After explosions went off near the finish line of the Boston Marathon leaving three dead and 144 injured, it seemed fair that TV’s late night hosts would start their opening monologues not with jokes, but with some words about the day’s tragic events. While Jimmy Fallon, David Letterman, and Jay Leno aired reruns Monday night, Conan O’Brien (originally from Boston), Jimmy Kimmel, and Craig Ferguson jumped right in to discussing the pain of the shocking bombings.

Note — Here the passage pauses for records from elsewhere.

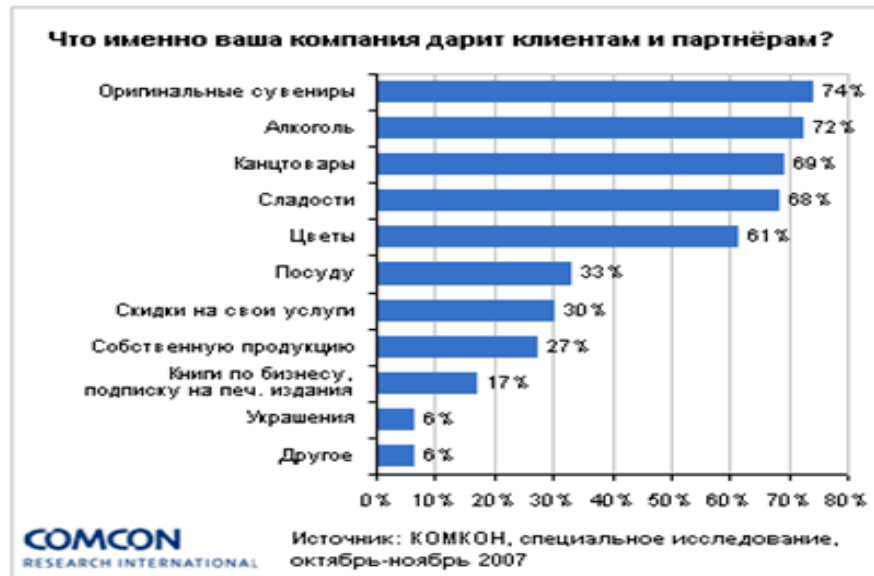
Рис. 2 Статистика подарков (2)

В настоящее время индустрия подарков набирает обороты. Рынок постепенно структурируется.
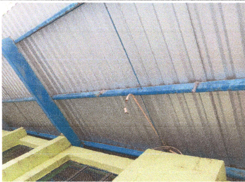
Foto: 5 AREA A TRABAJAR REPARACION SISTEMA ELECTRICO
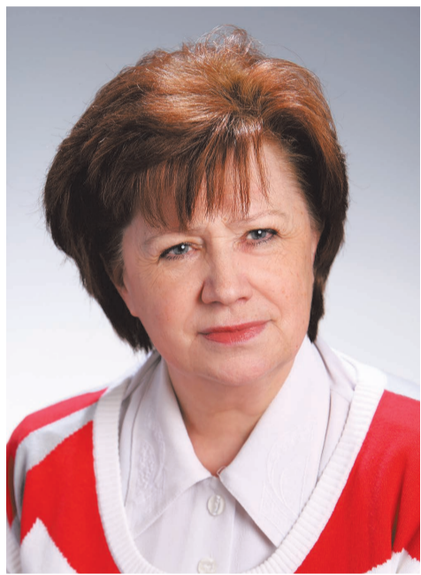
Дом нашего творчества

Творческие коллективы Дома детского творчества много лет носят звание образцовых, не раз становились победителями и лауреатами всевозможных конкурсов, фестивалей, смотров.

Conan O’Brien: “We have a great show for you tonight. But first, I did want to start by mentioning what an upsetting and sad day it has been. I’m talking about what happened in Boston. Boston’s my hometown. It’s where I grew up. It’s where my family lives. So I wanted to take a moment to say that like everyone here, my thoughts and prayers are with the people of Boston and everybody who has been affected by this absolutely senseless act. It’s important to say, right up top. That said, it is our job to do a show, and we’re going to try and entertain you the vey best we can. Which, given our track record, gives you people a 20% chance of having a good show tonight.”
Jimmy Kimmel: “Well, it was a terrible day. Very bad things happened today for no good reason. And our thoughts are with the people of Boston and everyone who is suffering as a result of the bombings at the marathon. It’s a disgusting thing. I don’t understand it. But my job is to make you laugh, so I will try to do that. And I will probably fail. I’m failing already.
Craig Ferguson: “Hey everybody, good evening. Tonight’s show is a little bit different. Obviously the news of today is so horrendous that it would seem insensitive at best to say, ‘It’s a great day for America,’ so I won’t be starting the show with that tonight. Is anyone else sick of this sh**? I seem to have to say that too often.”
Ferguson continued, “People say to me, ‘Craig, your job is to make people laugh at the end of the day.’ And I think, yes, that’s true, but I’ve never professed to be any damn good at that. And, the thing is, people want their mind taken off it. And I think, ‘Well OK, if you want your mind taken off it, you know, watch a cartoon or a video or something.’ I understand it, it’s perfectly acceptable. I don’t think it’s a terrible thing to not want to think about it, but I can’t not think about it.”
“Also, I have a personal connection with the city of Boston,” Ferguson added. “I have some history there. I have family there. When I became an American citizen in 2008, I spoke at Faneuil Hall on July 4, at the invitation of Tommy Menino who is the mayor of Boston, and one of the more colorful characters in American politics… I’ve been there for the Fourth of July many times… and every cop in Boston looks like I’m his brother. My first stand up special in America, I shot it in Boston. I like that town. I’m appalled by this thing, and when I watch it on these streets that I know… it’s horrifying.”
He ended his opening monologue with: “If I have all this inside of me. If I have all this rage and anger and distress and upset inside of me, I’m not a good enough comedian to hide all that from you.”